> [Problem statement] After locating the line with "조사는 한국표준산업분류상 사회복지서비스업에" in the entries below, output it and each following line up to and including the line with "Vatra je zahvatila", exactly and without pictures.

> [Data excerpts]
****************
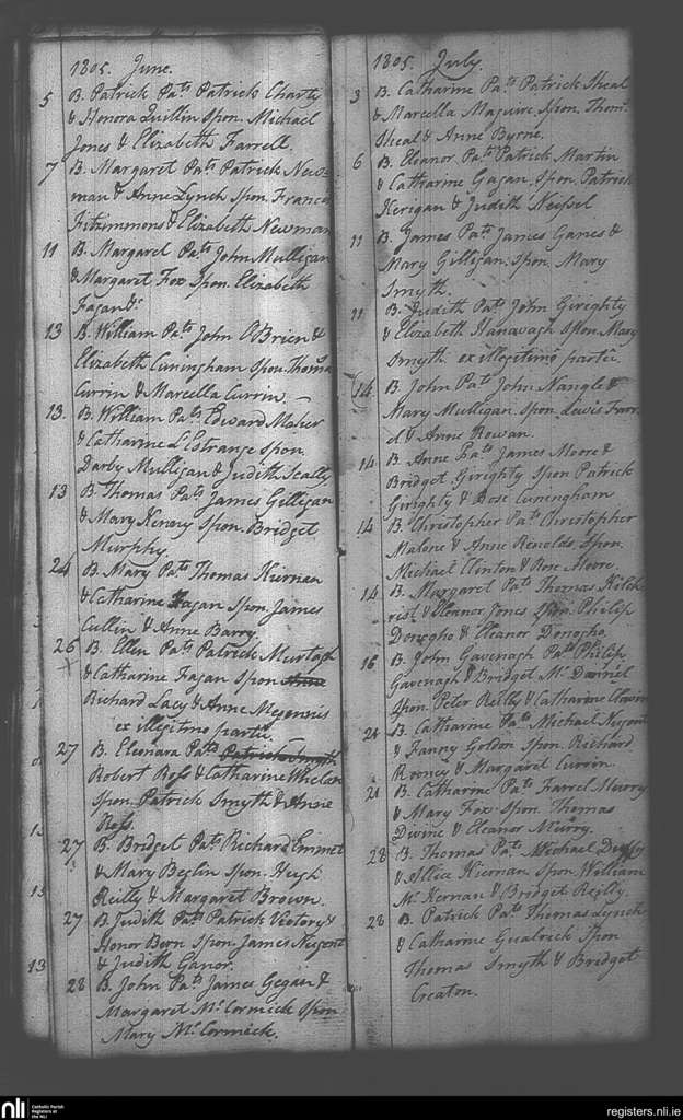 Castlepollard; County of Westmeath; Diocese of Meath. Baptisms, June 1805 to July 1805
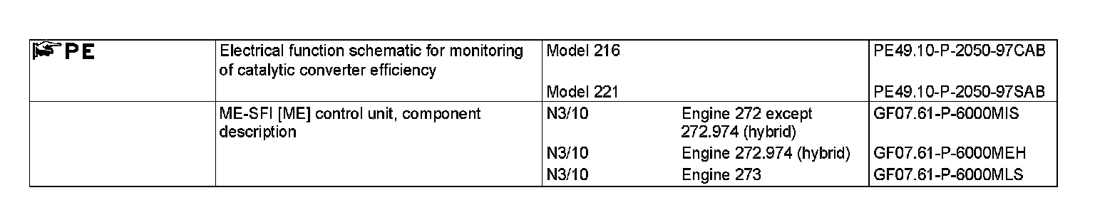 ENGINES 272.9 in MODEL 221.0 /1 as of model year 2009 /YoM 08
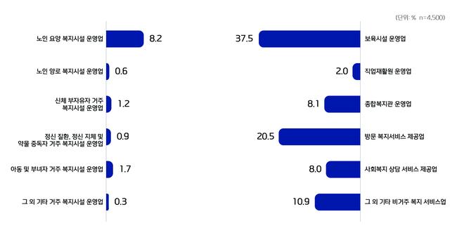 조사는 한국표준산업분류상 사회복지서비스업에 해당하는 4,500개 사업체를 대상으로 지난해 10~11월 두 달간 진행됐다. 방문·유치조사와 웹 조사를 병행해 운영 현황 전반을 점검했다.
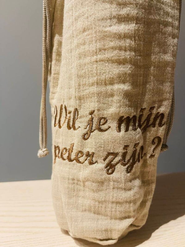 Met deze leuke zak stel je een speciaal persoon de mooie vraag om peter te worden van je kindje.
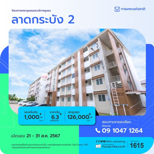 การเคหะแห่งชาติ เปิดจองโครงการเคหะชุมชนและบริการชุมชนลาดกระบัง 2
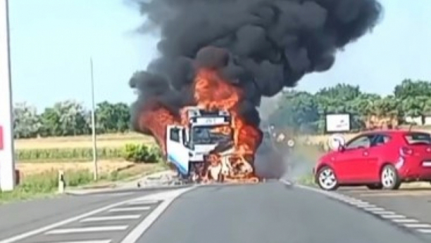 Vatra je zahvatila i teretno vozilo nakon čega se formirala buktinja i gusti crni oblak dima koji se video kilometrima.
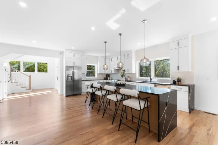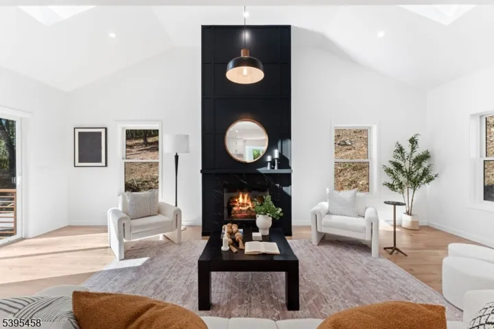 Welcome to this stunning, newly constructed single-family home in the heart of Blairstown. Thoughtfully built on an existing foundation, Step into a striking two-story entrance foyer featuring a quarter-turn staircase accented by a modern multi-light glass globe chandelier. The first floor boasts an expansive open concept with a formal living room featuring two skylights, a fireplace, and sliding glass doors that lead to the front patio. The dining area includes a custom bar nook with a sink and wine cooler, ideal for entertaining. The show-stopping chef’s kitchen is equipped with a massive center island, brand-new stainless steel appliances, and a built-in microwave tucked neatly into the island for added convenience. Additional first-floor features include a private office space and a modern half bath. The 2nd floor offers four generously sized bedrooms. The primary suite is a true retreat, featuring top-tier walk-in closets and a luxurious full bathroom. Three additional bedrooms offer ample space and storage, complemented by a second full bathroom. A well-appointed laundry room with sink and cabinetry is conveniently located on the same level. An attic for extra storage space. Additional Features Include Large windows throughout for natural light, Dual-zone central heating and air conditioning, a Brand-new septic system, and private driveways. Located minutes from Blair Academy, local farms, shopping, dining, and major commuter routes. Don’t miss out!
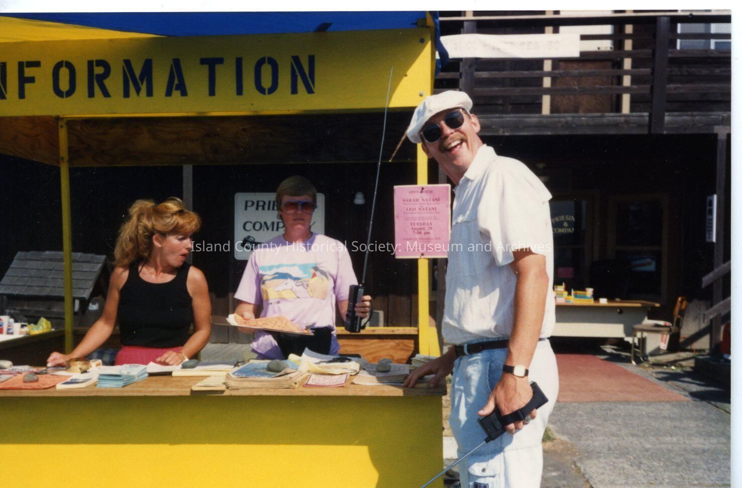 Arts and Crafts Festival. Several people at Information Booth. Handwritten on back Laurie, Val Arnold and Don Wodjenski.
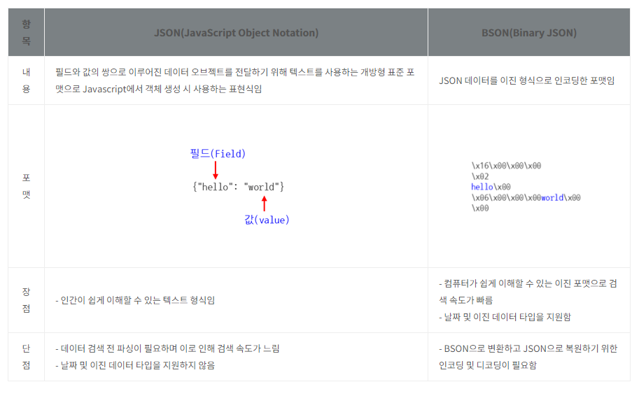 mongoDB는 데이터를 관리하기 위한 형식으로 데이터 입출력 시에는 JSON 형식을 사용하고 데이터 저장 시에는 BSON 형식을 사용합니다. 다음은 JSON과 BSON 형식에 대한 자세한 내용입니다.
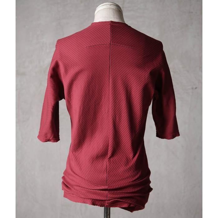 通常なら前身頃・後身頃で分けられるTシャツを、あえて「型紙1枚」で構築する――そんな遊び心が生んだのがこのワンピース型のハーフスリーブです。
****************
> [Solution below]
 조사는 한국표준산업분류상 사회복지서비스업에 해당하는 4,500개 사업체를 대상으로 지난해 10~11월 두 달간 진행됐다. 방문·유치조사와 웹 조사를 병행해 운영 현황 전반을 점검했다.
 Met deze leuke zak stel je een speciaal persoon de mooie vraag om peter te worden van je kindje.
 การเคหะแห่งชาติ เปิดจองโครงการเคหะชุมชนและบริการชุมชนลาดกระบัง 2
 Vatra je zahvatila i teretno vozilo nakon čega se formirala buktinja i gusti crni oblak dima koji se video kilometrima.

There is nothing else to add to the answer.